Here's what I got. Like I mentioned in my comment, I couldn't get the stop parameter to work like i thought it should. Maybe i'm misunderstanding how its used. I'm assuming you only want the first 5 urls per search.
a sample df
d = {"B" : ["mangos", "oranges", "apples"]}
df = pd.DataFrame(d)
Then
stop = 5
urlcols = ["C","D","E","F","G"]
# Here i'm using an apply() to call the google search for each 'row'
# and a list is built for the urls return by search()

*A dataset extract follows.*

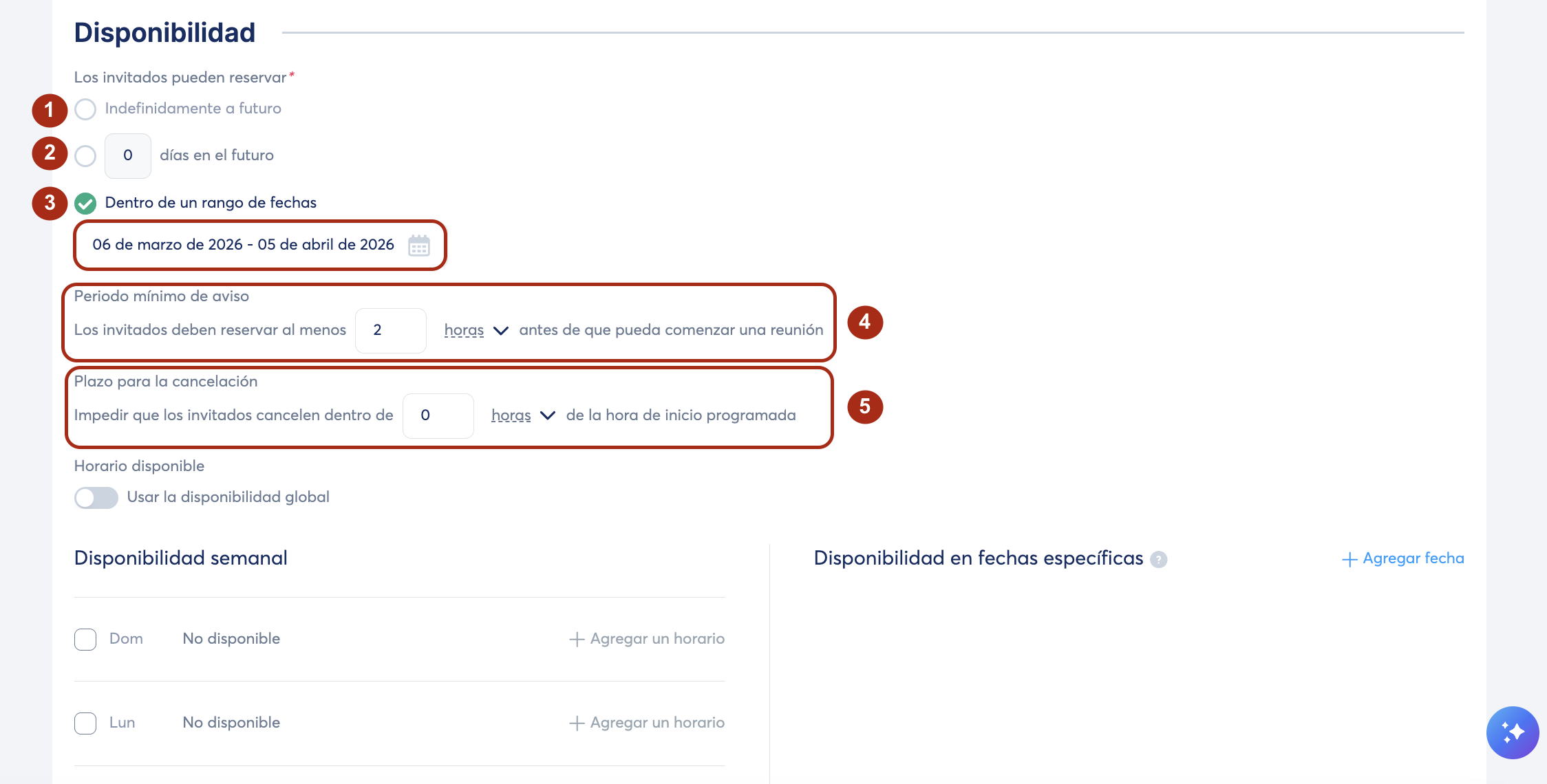 Puedes establecer manualmente la disponibilidad o usar la configuración de tu disponibilidad global al activar la opción de Usar la disponibilidad global.

df[urlcols] = df["B"].apply(lambda fruit : pd.Series([url for url in
search(fruit, stop=stop, pause=2.0)][:stop])) #get 5 by slicing
which gives you. Formatting is a bit rough on this
B C D E F G
0 mangos http://en.wikipedia.org/wiki/Mango http://en.wikipedia.org/wiki/Mango_(disambigua... http://en.wikipedia.org/wiki/Mangifera http://en.wikipedia.org/wiki/Mangifera_indica http://en.wikipedia.org/wiki/Purple_mangosteen
1 oranges http://en.wikipedia.org/wiki/Orange_(fruit) http://en.wikipedia.org/wiki/Bitter_orange http://en.wikipedia.org/wiki/Valencia_orange http://en.wikipedia.org/wiki/Rutaceae http://en.wikipedia.org/wiki/Cherry_Orange
2 apples https://www.apple.com/ http://desmoines.citysearch.com/review/692986920 http://local.yahoo.com/info-28919583-apple-sto... http://www.judysbook.com/Apple-Store-BtoB~Cell... https://tr.foursquare.com/v/apple-store/4b466b...
if you'd rather not specify the columns (i.e. ["C",D"..]) you could do the following.
df.join(df["B"].apply(lambda fruit : pd.Series([url for url in
search(fruit, stop=stop, pause=2.0)][:stop])))